# Is it possible?



## LoneWolf (Jan 2, 2007)

Well seems I'm back with another question for you all. Is it possible by chance to take a walther ppk shoulder holster / rig and use it for my Sig P232? I just can't seem to find a shoulder rig that I like for the p232 so I figured I might be able to look out side the box so to speak.

Thanks!


----------



## bearone2 (Aug 27, 2011)

if it fits


----------



## VAMarine (Dec 25, 2008)

Just out of curiousrtiy, but what shoulder rigs have you looked at?


----------



## LoneWolf (Jan 2, 2007)

Sorry it's taken me so long... work has been pretty drama filled lately. When doing search's for rigs on the computer it doesn't come up with anything leather expt for the one by galco EXECUTIVE SHOULDER HOLSTER. I just don't like how it attach's to my belt on the other arm.
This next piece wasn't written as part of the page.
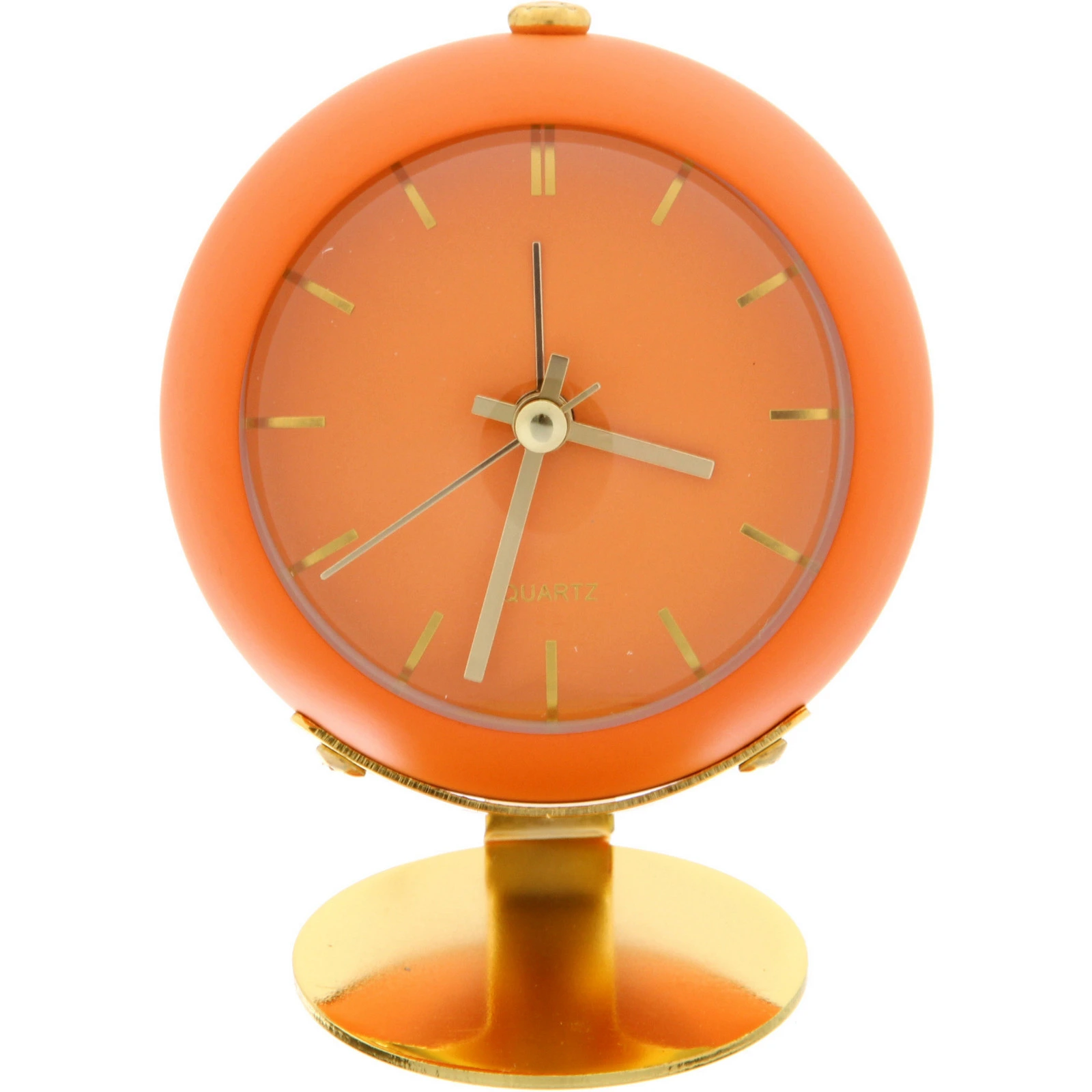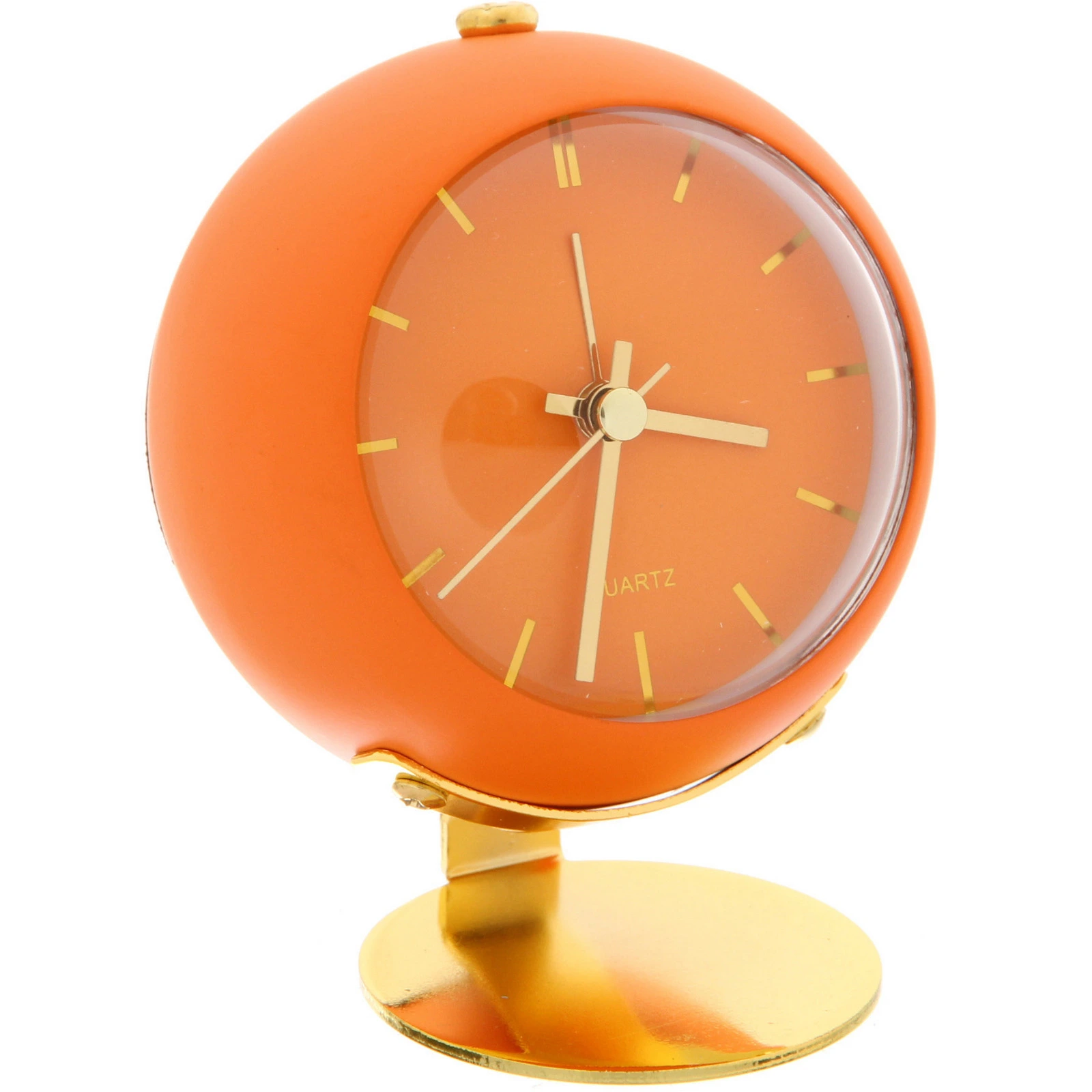 - Яркий дизайн: круглый оранжевый корпус с золотистой подставкой и стрелками станет стильным акцентом на прикроватной тумбе, рабочем столе или полке.

I like the Miami classic myself and if it would come like that I'd be in heaven.


----------



## VAMarine (Dec 25, 2008)

*Alessi Holsters*, and *FIST Holsters* have some pretty nice shoulder holsters and have the 232 listed as an option. They are pricey, but well worth it IMHO.


----------



## dondavis3 (Aug 2, 2009)

Don't go "cheap" on your carry leather or you'll regret it.

:smt1099


----------